The psychiatric patient is alone. He has few relationships or perhaps no relationships at all. He lives in isolation. He feels lonely. He may even dread an interview with another person. At times, conversation with him is impossible. He is somewhat strange; sometimes he is enigmatic and he may, on rare occasions, be even unfathomable. The variations are endless but the essence is always the same: the psychiatric patient stands apart from the rest of the world. This is why he has a world of his own: in his world, houses can sway forward and flowers can look dull and colorless. This is why he also has a special sort of body: his heart aches, his legs are weak and powerless. His past, too, is different. His rearing has failed, and this in turn causes his difficulties with other people – difficulties that summarize, as it were, all his other complaints. He is alone. He is a lonely man. Loneliness is the central core of his illness, no matter what his illness may be. Thus, loneliness is the nucleus of psychiatry. If loneliness did not exist, we could reasonably assume that psychiatric illness could not occur either…[105].


This reveals what is missing in the theories underlying the four mechanisms mentioned above. With these terms, ‘the distinction between healthy and mentally ill person is entirely lost'[104]. We all project, convert, transfer, and mythicize, but ‘the healthy person will discover in his healthy fellowmen the selfsame, or more or less the same, conversions, projections, transferences, and distortions of memory as he himself has, whereas the mentally ill person is alone with his mental mechanisms'[105].

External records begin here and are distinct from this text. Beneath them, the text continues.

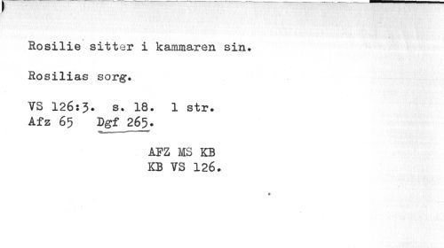 //// Rosilie sitter i kammaren sin. Rosilias sorg. //// VS 126:3. s. 18. 1 str. Afz 65 Dgf 265. //// ÅFZ MS KB KB VS 126. ////
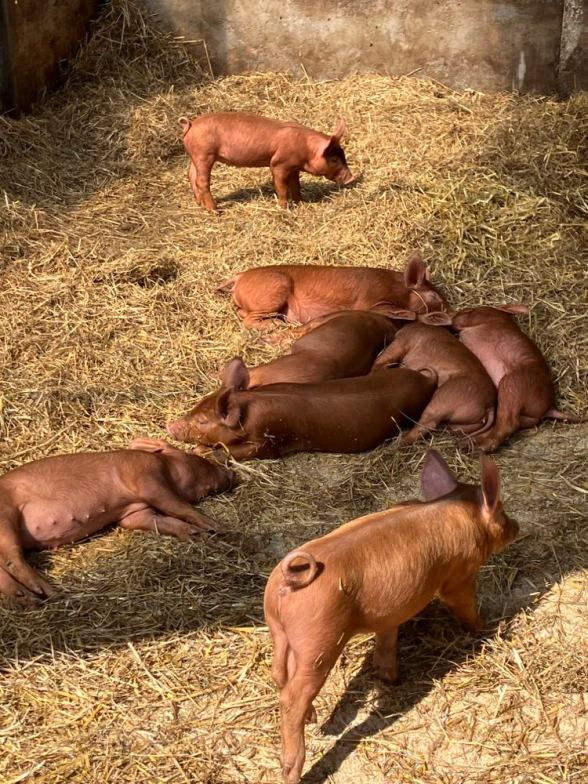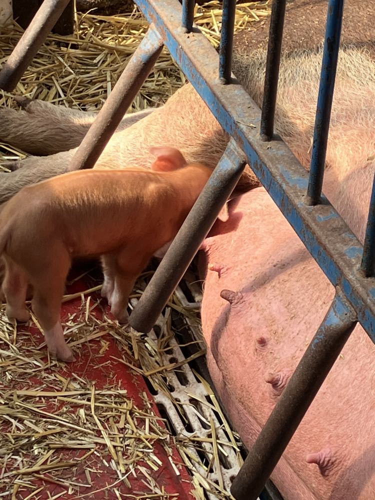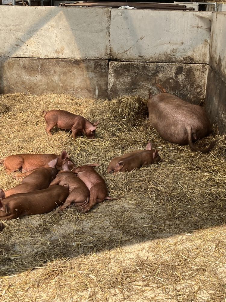 The pig farm is quite wonderful. Lots of piglets. This mom maybe is having a nursing break.
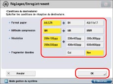 Définir les conditions de réception en fonction des spécifications de la machine du destinataire. Une erreur de transmission peut survenir si les conditions définies ne sont pas prises en charge par la machine du destinataire.
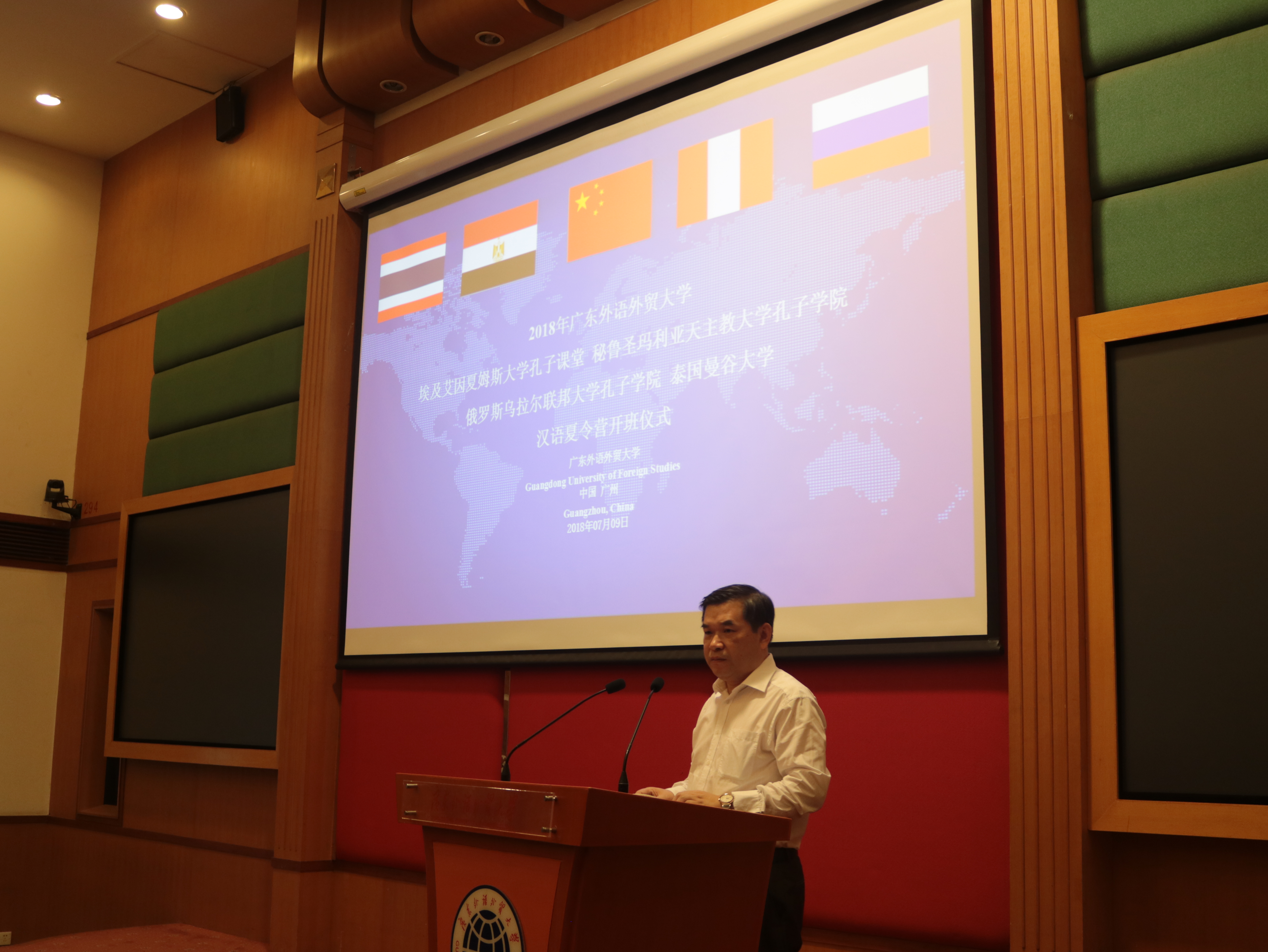 本网讯 7月9日上午,埃及艾因夏姆斯大学孔子课堂、俄罗斯乌拉尔联邦大学孔子学院、秘鲁圣玛利亚天主教大学孔子学院和泰国曼谷大学汉语夏令营开班仪式在伟德bv国际体育行政楼国际会议厅举行。本次夏令营迎来了四所友好院校的近80名海外师生。
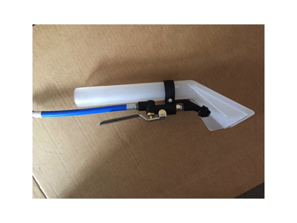 Průhledná plastová ruční hubice Santoemma pro čištění čalounění s jednou tryskou, tato hubice je vybavena kovovým ovladačem ventilu pro spouštění čistícího roztoku. Výhodou je možnost sledování odsávané tekutiny.
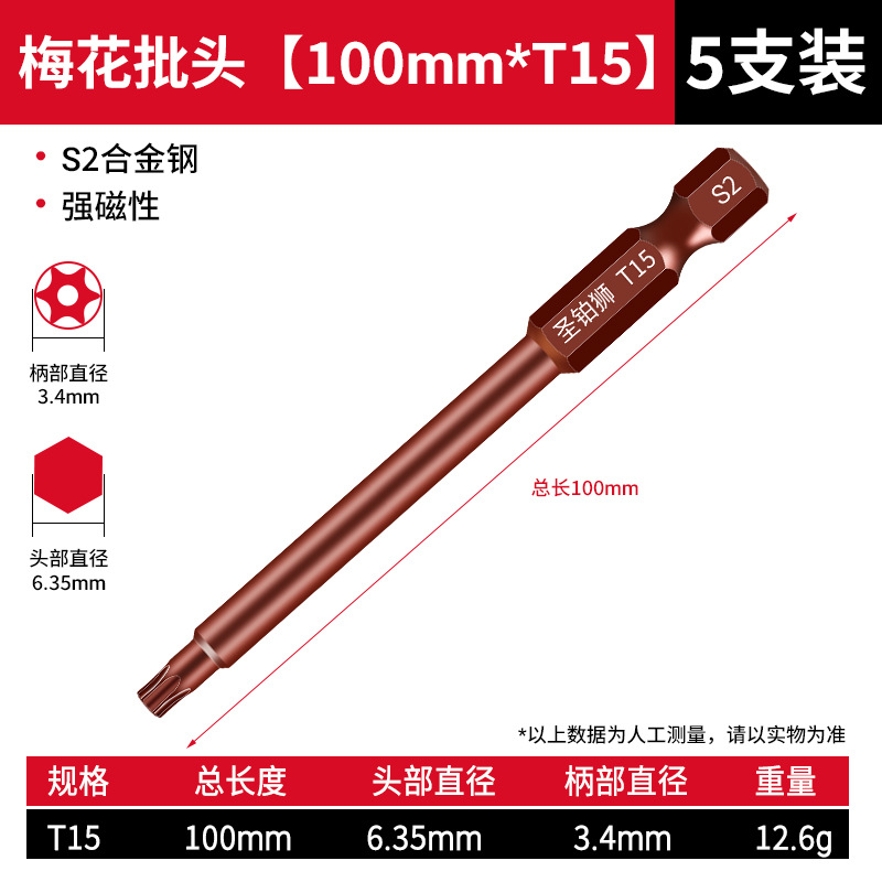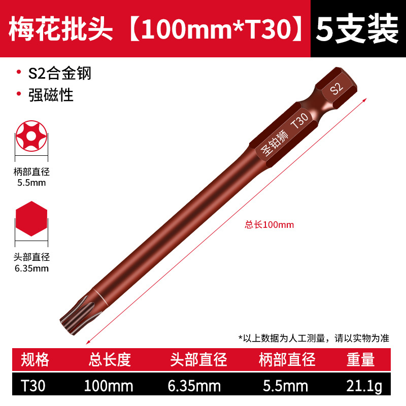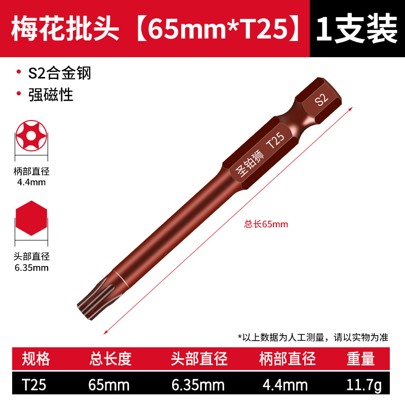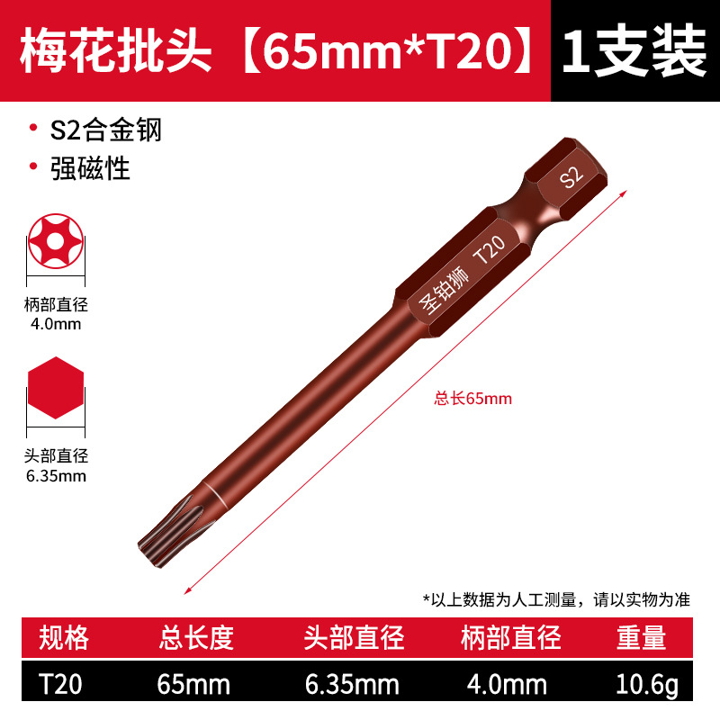 매화 머리 육각형 전기 핸드 드릴 스크루 드라이버 중공 S2 미터 세트 t20t25t30 케이프

This point is further elaborated in the discussion of the nature of hallucinations and delusions that follows. Van den Berg is not a fan of understanding hallucinations as something gone wrong, or broken, in the ‘connection’ between the person and reality. Hallucinations are the person’s reality. Hallucinated objects are even more real to the patient than everyday objects are for the not lonely. And even healthy person ‘subjected to complete isolation hallucinates in a short while. Sooner or later, the lonely person will create his own objects'[107]. Thus, the patient’s ‘hallucinations, his unapproachability and the fact that he cannot be understood are all one and the same thing: his illness'[108]. Hallucinations and delusions are not merely the consequence of a condition of loneliness, they are also the condition itself. Everything is related to everything else.

The book also has other very interesting things to say, for example on the way we perceive time or change; but this is not an exhaustive summary as I feel I will have to reread those parts again before being able to summarize them well. And as with everything in phenomenology, the ideas are for the most part not the sort of things that you can dissect easily, and put down on paper in A.B.C, or for that matter, summarize very successfully. This isn’t to say that the book isn’t written very clearly – the ideas in the book are conveyed mostly in examples, and I also loved the style of writing. It is a relatively short read as well, overall I recommend.